Open lacasseio opened 5 years ago

lacasseio commented 5 years ago

Expected Behavior

The native templates should have the same flag for defining the JVM package but for the headers.

Current Behavior

All headers are generated in, what JVM developer would call, default namespace. Projects usually namespace their headers in some ways and Gradle should allow that as well. Not to confused with C++ namespace.

Context

Steps to Reproduce (for bugs)

Your Environment

lacasseio commented 5 years ago

Not to be confused with C++ namespace which is a C++ specific feature. See https://github.com/gradle/gradle-native/issues/1021

adammurdoch commented 5 years ago

It's not entirely clear what you mean by this. Do you mean that each header file should have a name that encodes the library name in some way? e.g if the library is called 'somelib', then the public header should be called something like somelib.h?

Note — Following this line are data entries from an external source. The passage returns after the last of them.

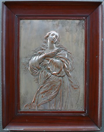 19TH C GERMAN RELIEF PLAQUE OF A MAIDEN: 15 1/2'' x 20 1/2'', impressed mark LR Geislingen?, worn wooden frame, 27 1/2'' x 22''.
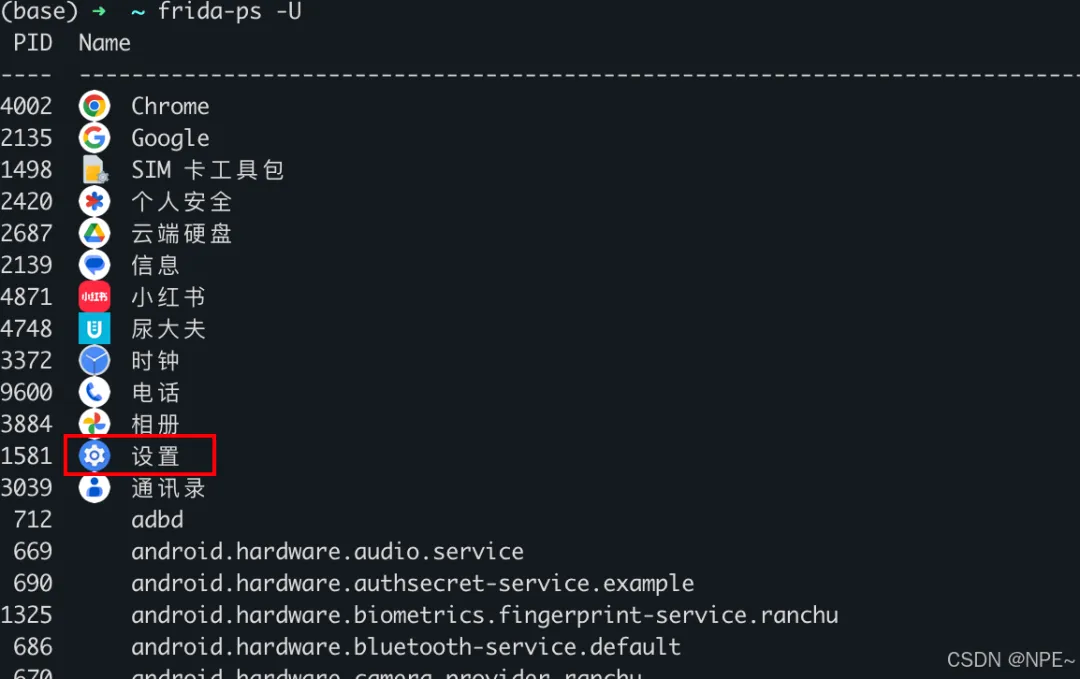# 本地mac执行下面命令,列出已连接的设备frida-ls-devices# 查看当前手机上活跃的进程frida-ps -U
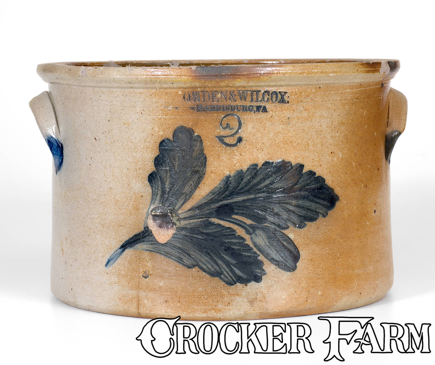 COWDEN & WILCOX / HARRISBURG, PA Stoneware Cake Crock w/ Leaf Decoration
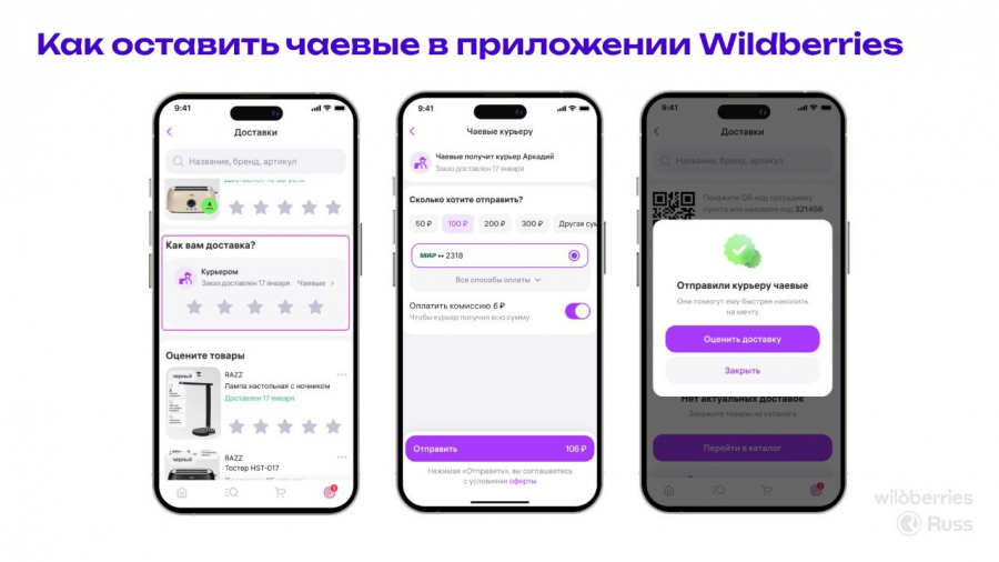 На первом этапе сервис будет доступен ограниченной группе пользователей, но позже его расширят на всех российских пользователей. Чаевые, оставленные пользователями, будут отправляться напрямую на «WB Кошелек» менеджера ПВЗ или курьера, отметила Ким.
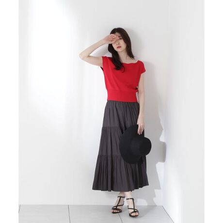 昨年人気だった人気アイテムから今年らしい新色が登場!ギャザーをふんだんに入れたティアードスカートです。後ろウエストはゴム仕様のため楽なはき心地。コーディネートしやすいカラーとシンプルなデザインなので、夏ニットやTシャツなど、様々なトップスと着用いただけます。
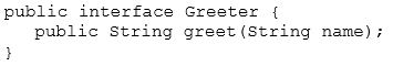 Which is the valid definition for the Greeter interface to enable the code fragment to print Kathy Welcome!?
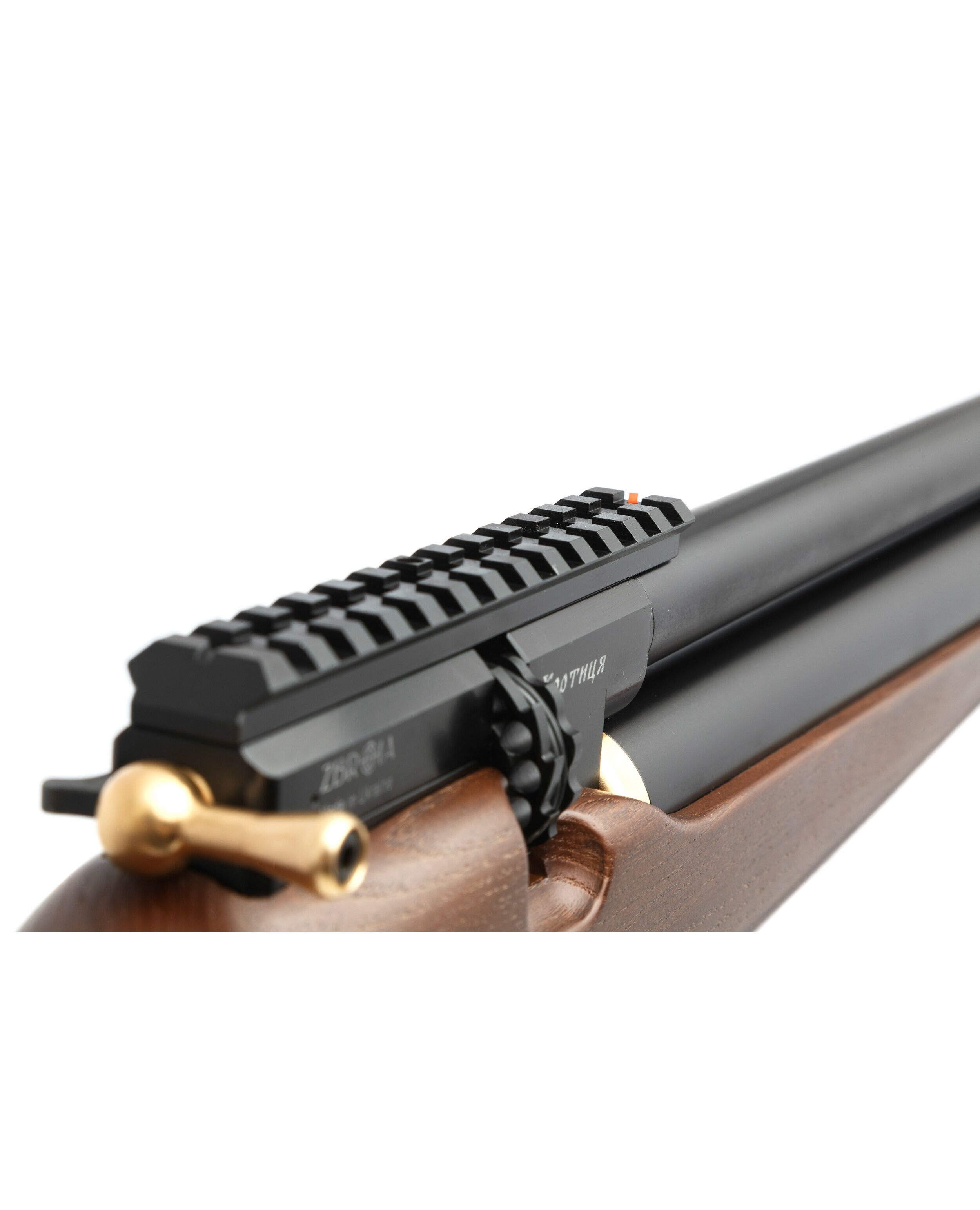 12–ти зарядный магазин PCP открытый и легкосъемный, рассчитан для применения длинных (тяжёлых) пуль. Винтовка оборудована планкой Piсatinny для установки оптического прицела.
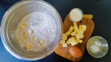 Перетрите муку с маслом руками в крошку. Для ускорения процесса можете взбить муку и масло в блендере. Муки может потребоваться немного меньше или больше, смотрите по консистенции теста. О свойствах муки читайте в отдельной статье в конце этого рецепта.
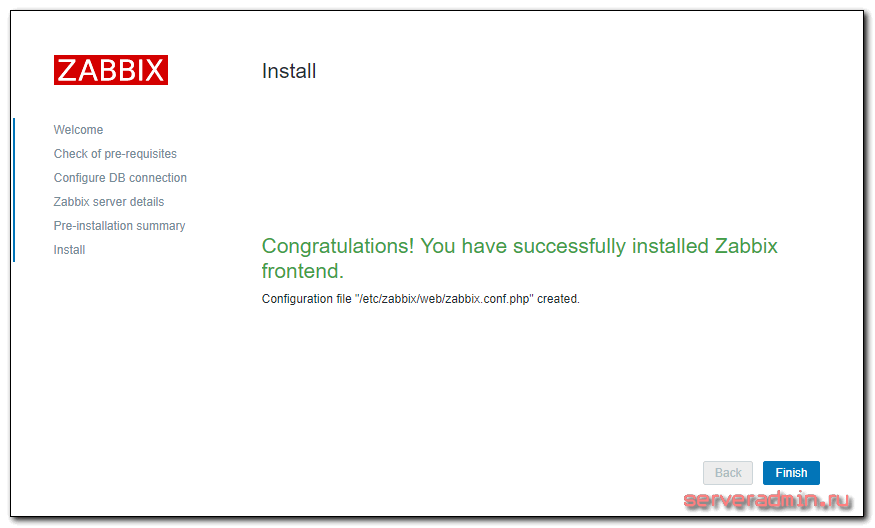 Если поучили это сообщение, то поздравляю, установка сервера мониторинга Zabbix 3.4 закончена.
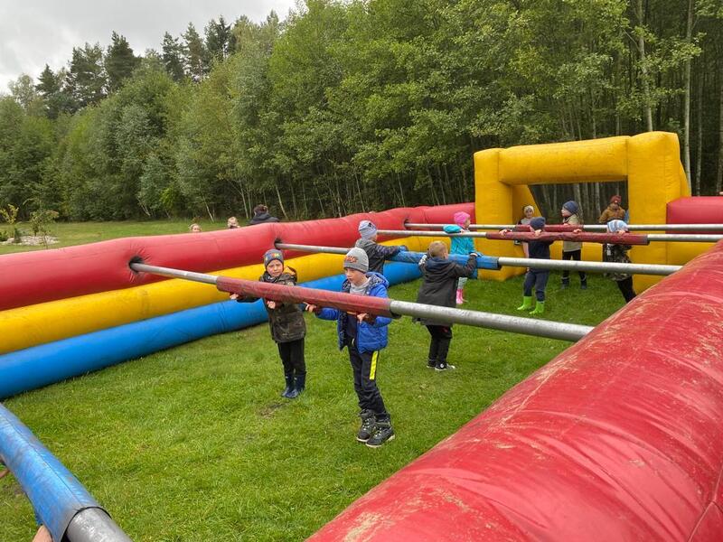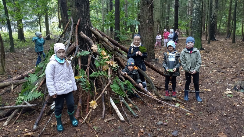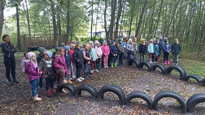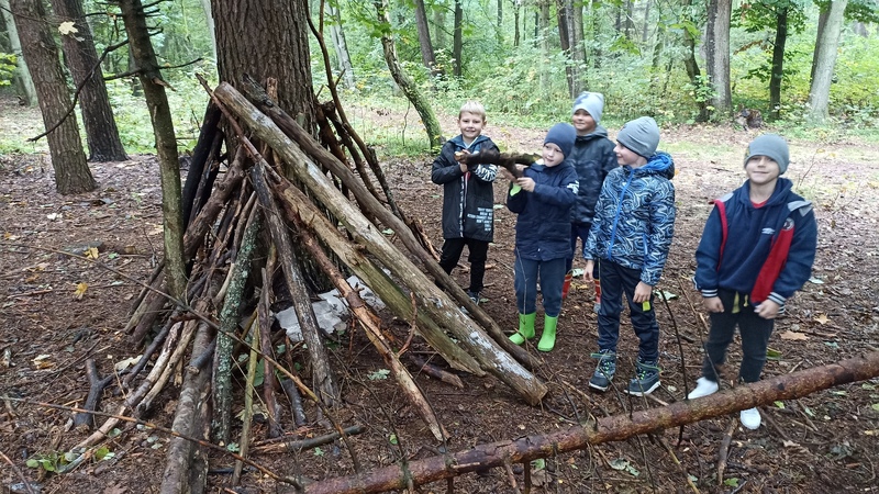 28 września klasy 1a i 1b wybrały się na wycieczkę do Spławia. Pierwszoklasiści pod okiem instruktorów korzystali ze stanowisk aktywności z elementami survivalu, m.in. budowali łuki i szałasy oraz uczyli się podstaw tropienia zwierzyny. Dzieci rozegrały turniej piłki nożnej przy użyciu dmuchanego sferycznego boiska. Gry i zabawy w plenerze sprawiły uczniom wiele radości. Z ogromnym zaangażowaniem wykonywali wszystkie zadania. Po wysiłku fizycznym był czas na samodzielne upieczenie kiełbaski i ciepłą herbatę. Zorganizowane atrakcje odbywały się na terenie leśnym, przez co uczniowie mieli okazję kształtować swoją świadomość ekologiczną i działać w zgodzie z naturą.

lacasseio commented 5 years ago

My bad for not explaining enough. Header namespace is for the folder nesting of the headers. At the moment, we generate headers in src/main/headers/foo.h and include it like #include "foo.h". With the namespace, the header would be generated in src/main/headers/some/namespace/foo.h and include it like #include "some/namespace/foo.h". C++ namespace and header namespace can be the same but not always. For example, the standard library has no header namespace but a C++ namespace of std. The Google Test project has the header namespace of gtest and a C++ namespace of testing.